I visited Alexa every day that she was in the NICU, a grand total of 27 days. Although to some of the mommies of micro preemies and preemies with other serious health issues this may not seem like that long, but for me it was a lifetime. That many more days feeling distant, apart, and strangely detached from her. The nurses really only wanted us to hold her during feeding time, once every 3 hours, for about 20 minutes. So we would come to the hospital for at least 2 feedings a day. Usually spending about six hours there, sitting on the couch, watching her sleep in her incubator, and later, her crib.

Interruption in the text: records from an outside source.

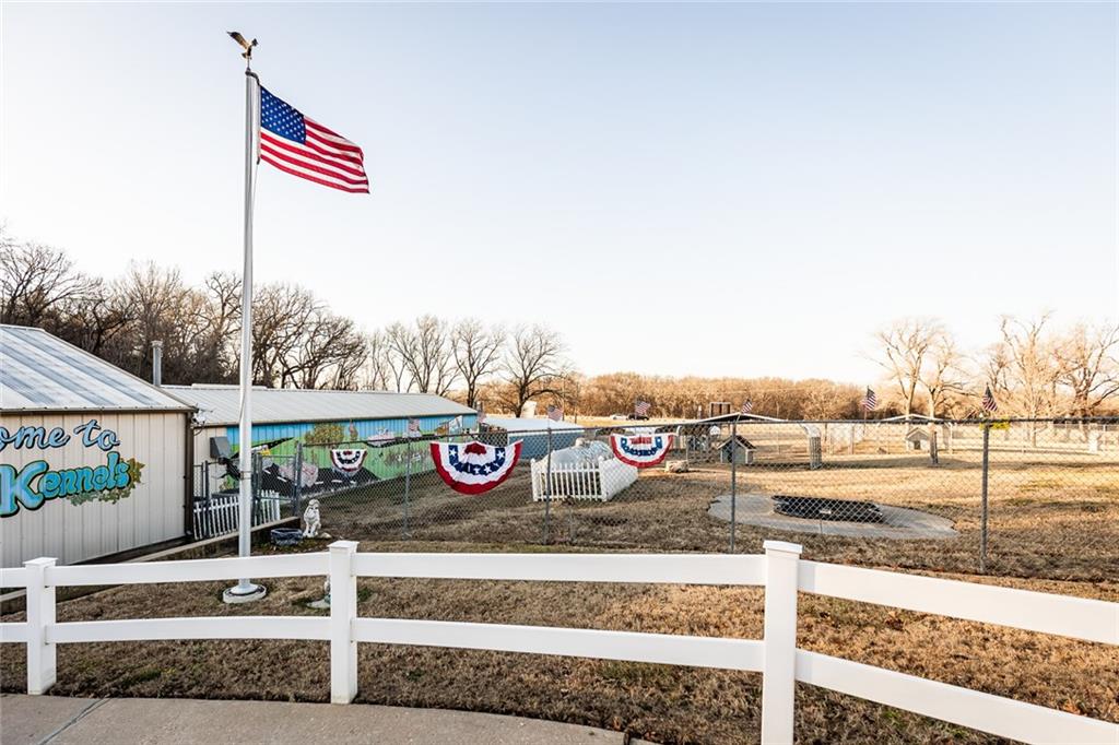 RC Kennels is a rare opportunity to acquire a long-established, profitable dog and cat daycare, boarding, and grooming facility paired with a fully updated residence on 43 +/- acres in Geary County, Kansas, located just outside the main gate of Fort Riley in Junction City. In operation for over 43 years, the business has demonstrated consistent performance with strong gross revenues and stable EBITDA, supported by a loyal and recurring customer base that includes a large military population. RC Kennels also benefits from an exceptional online reputation, boasting outstanding Google reviews and a 100% recommendation rating on Facebook, further reinforcing the strength of the brand and community trust. The property is thoughtfully improved for both business and residential use. The ranch-style home features 4 bedrooms, 2 full baths, a finished basement, and an attached 2-car garage, with extensive updates including new vinyl flooring, cabinets, countertops, newer HVAC and water heater, and a brand-new roof installed in 2025. Additional lifestyle amenities include a hot tub, gazebo, walk-in pantry, and spacious living areas. Complementing the residence is a separate, fully finished shop and event space, fully insulated and equipped with finished flooring, electrical, WiFi, lounge areas, and a mini-split heating and cooling system - offering flexible use for gatherings, storage, or business-related functions. The kennel facility is fully operational and purpose-built, featuring a welcoming office and lobby, 66 indoor runs, 45 outdoor runs, 3 indoor/outdoor runs, 7 outdoor fully fenced play areas, and 8 indoor cat suites. The operation is supported by two grooming rooms, two wash bays, food storage and laundry areas, extensive concrete flooring, integrated drainage and wash-out systems, and five HVAC systems, allowing for efficient, scalable operations.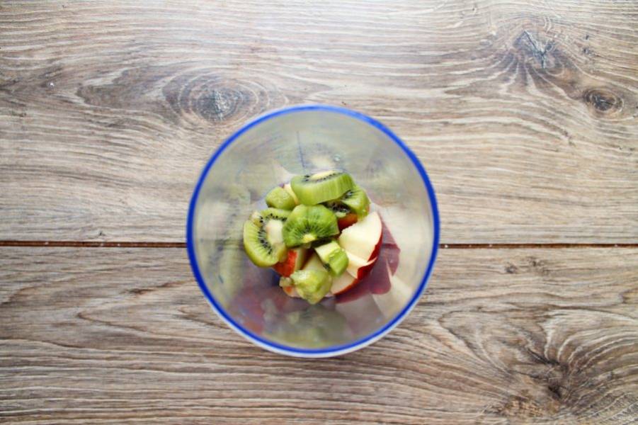 У киви срежьте кожуру, порежьте на кусочки и добавьте к яблоку.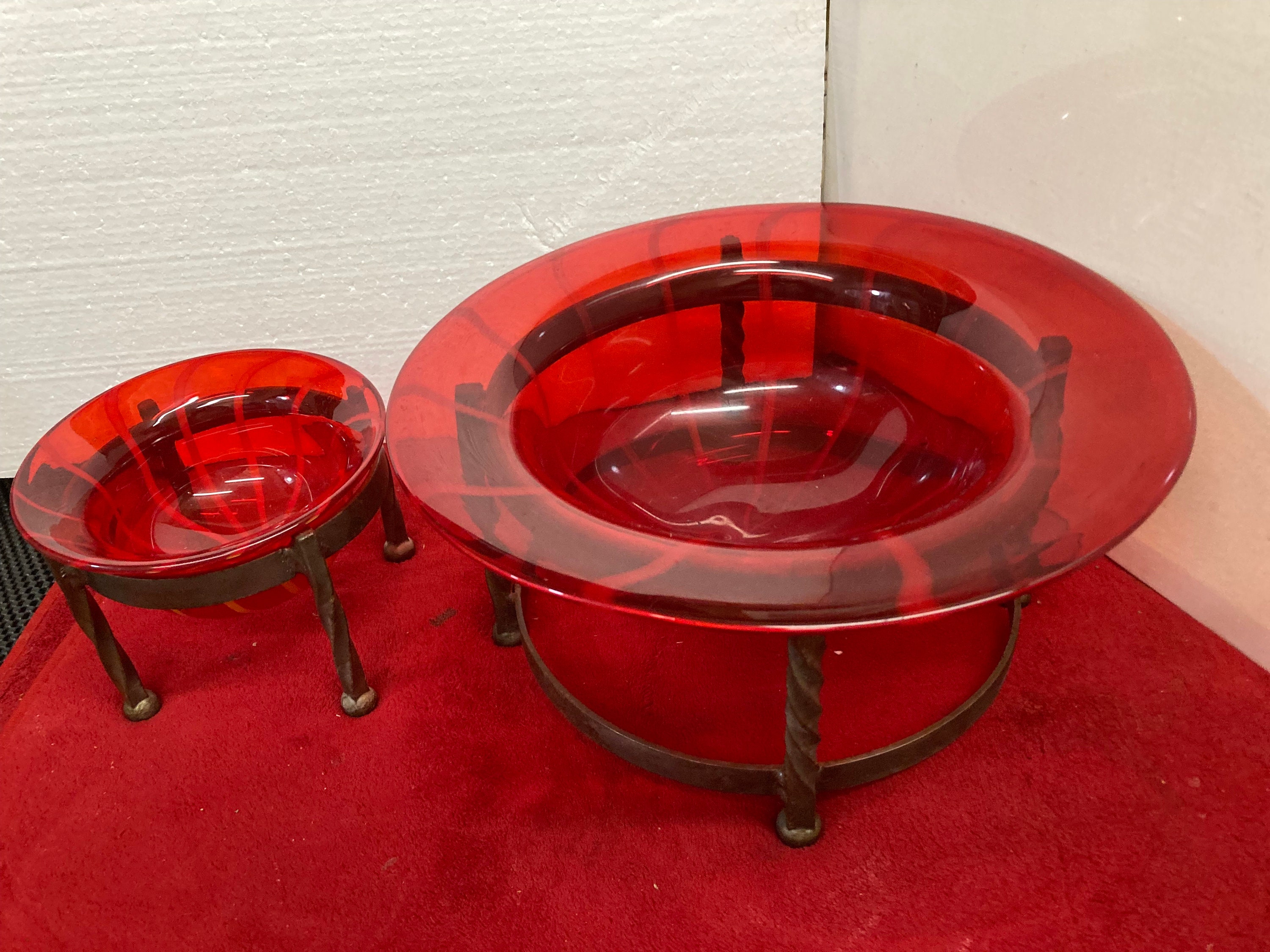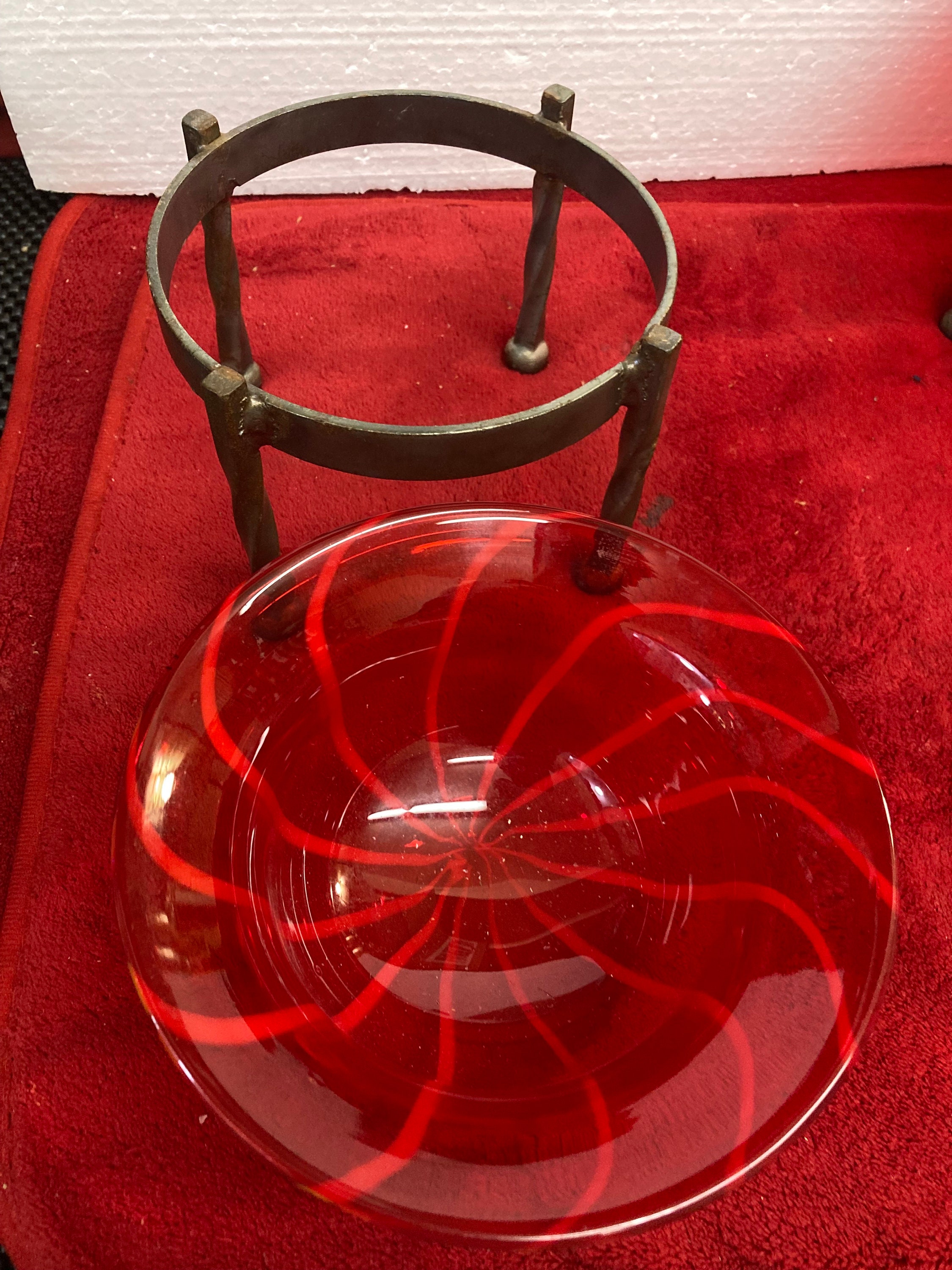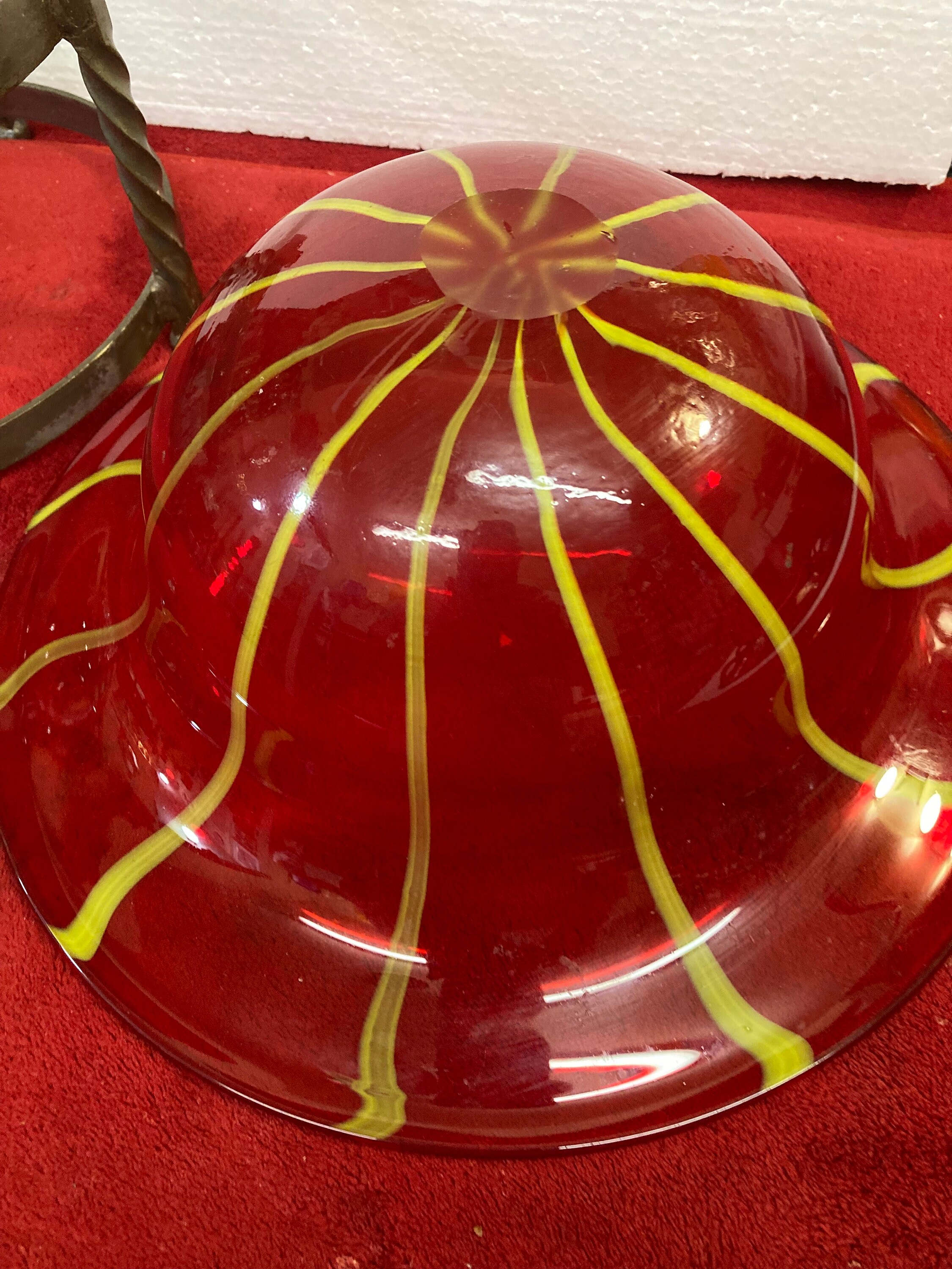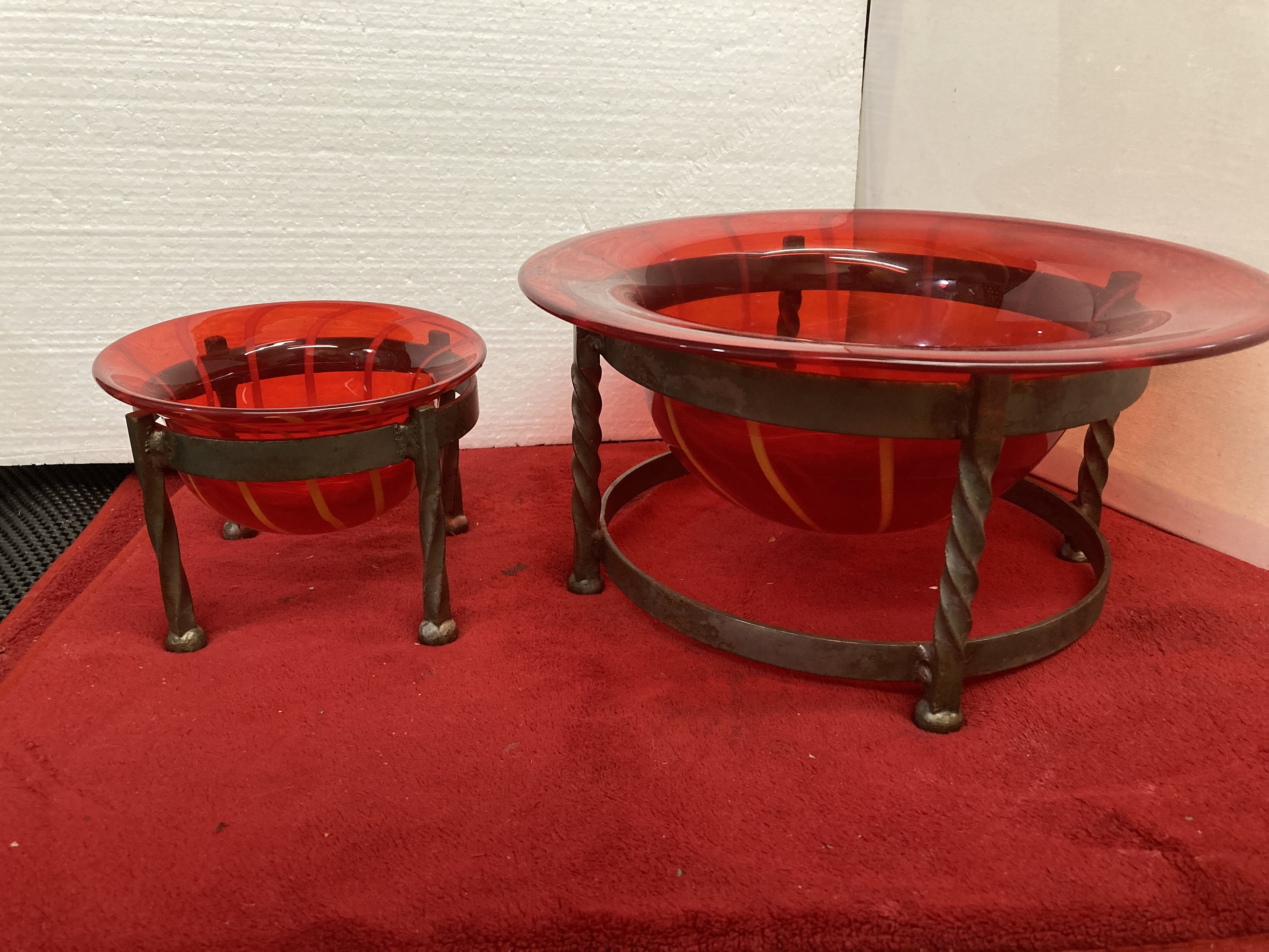 Pair of Ruby Red Glass Bowl with Yellow Stripes ,Twisted Metal Stand Murano Style 12 "and 6 "Rare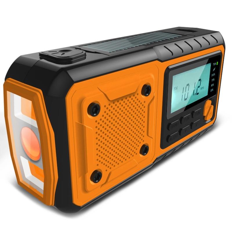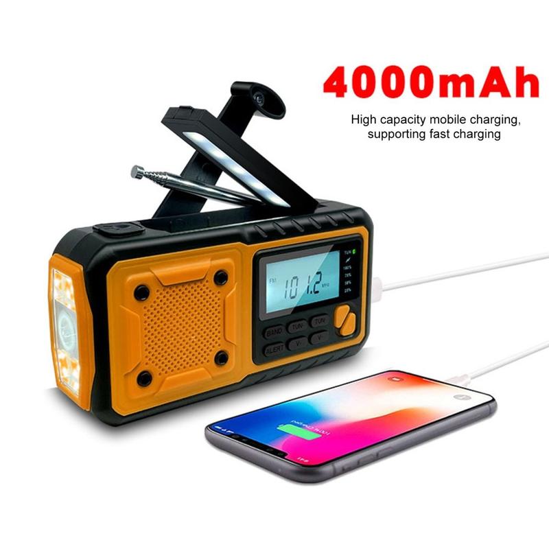 Rádio de emergência com manivela solar, banco de energia e lanterna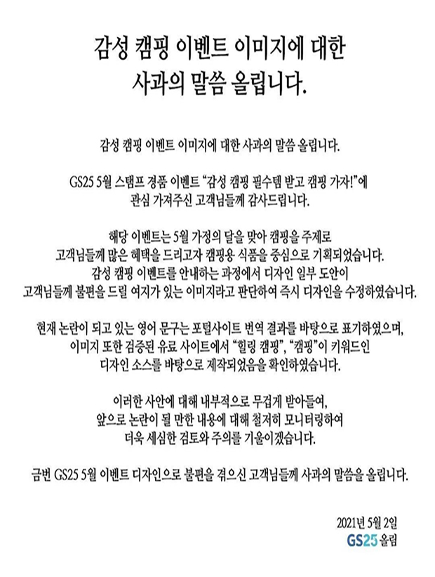 논란이 커지자 GS25는 사과문을 올렸습니다. GS25는 "내부적으로 무겁게 받아들여 앞으로 논란이 될 만한 내용에 대해 철저히 모니터링해 더욱 세심한 검토와 주의를 기울이겠다"고 밝혔습니다.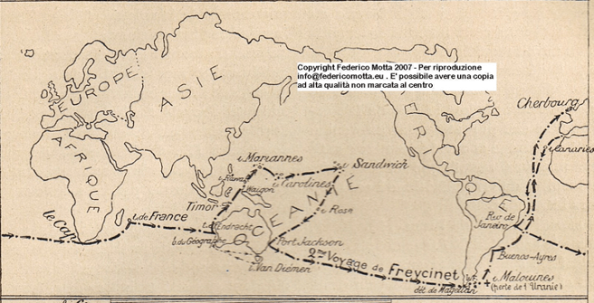 L’Uranie (initialement baptisé La Ciotat) partit pour trois ans (1817-1820) de Toulon pour un voyage autour du monde d’exploration, principalement pour réaliser des mesures scientifiques des champs magnétiques et gravitationnelles terrestre pour établir la forme de la terre. Ce voyage est dans la lignée des voyages d’exploration que les pays européens firent à l’époque tant pour les découvertes scientifiques que pour la politique de colonisation. L’Uranie s’échoue près de Port Louis dans les iles Malouines et l’équipage revient au Havre, le 13 novembre 1820 mais sur un autre navire, La Physicienne, anciennement Mercury.
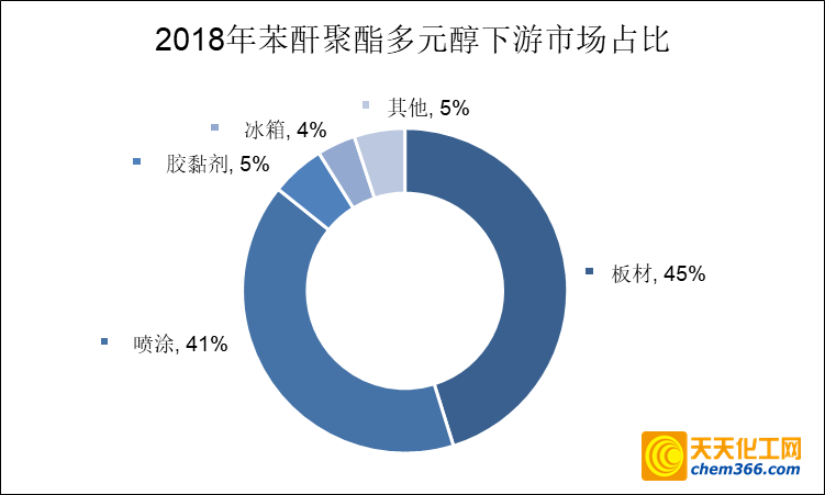 2018年中國苯酐聚酯多元醇的下游市場主要用于板材,占到46%;其次是噴涂,占到41%。從近三年的發(fā)展趨勢來看,板材與噴涂市場占比仍屬于小幅增長。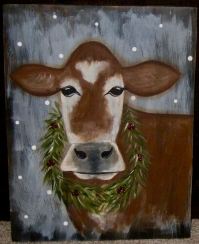 Title (ebay affiliate link): *~*PRIMITIVE*~* HP FOLK ART PRIM HOLIDAY COW *~* WREATH *~* BOARD

During my OB rotation in nursing school I never understood those women that demanded their babies be immediately handed to them, still dripping with blood and birth goo, cord still dangling, to be held skin to skin and begin the bond. To be quite frank I thought it was horrendous, I mean for God sake wipe the thing off or something first. But as I sat there in the NICU, looking as this little baby from across the room I just felt like she belonged to someone else. I had not bonded with her at all, I felt like she was stolen from me, held captive. I hardly even saw my baby after she was born, a split second, then the window was shut. I got to hold this baby, my baby, for less than an hour a day and that's only when my husband or family didn't want to sneak in on the chance. She was tied to the wall by an entourage of tubes and monitors. You couldn't go further than the rocking chair by her crib.
When we were not at the hospital my husband and I lived pretty normally, like we had no baby at all. My husband was laid off at the time, and I was on maternity leave, so there we were baby less parents. Oh yeah and I kept pumping.
Another way a new mom bonds with her baby is through breastfeeding. My baby wad being fed breast milk with added formula for extra calories to help her gain weight via a tube through her nose. So that was out of the question. Everything that you read encourages what they call "kangaroo care" or "skin to skin" holding of your baby but whenever we tried that there seemed to be a problem. The nurses would ONLY let me hold her during feeding times and she had horrible reflux. This being said it took a long time to get her pj's on and off with all the monitors she had and they did not want her to be moved around after her feeding or she would spit it up. So the closest I ever really got was being able to unswaddle her and hold her pjs to skin, still for 20 minutes or less, once every three hours.
The baby I was looking at was not my own. She belonged to someone else. Some one else was meeting all of her needs and I was useless to her. Just another face, just another visitor.
Wednesday, February 15, 2012
Did that really happen, did I have a baby?
The labor itself went so fast. It was relatively comfortable compared to what I expected. I progressed from 4-10 cm in 10 minutes after I got an epidural, then I was rushed to the operating room. Although the plan had been a vaginal birth from the beginning and my OB was onboard we agreed that I would have the baby in the OR so they could pass her through this this little window, which looks exactly like a McDonalds drive thru, I swear, I'll post a pic, directly into the NICU when she was born.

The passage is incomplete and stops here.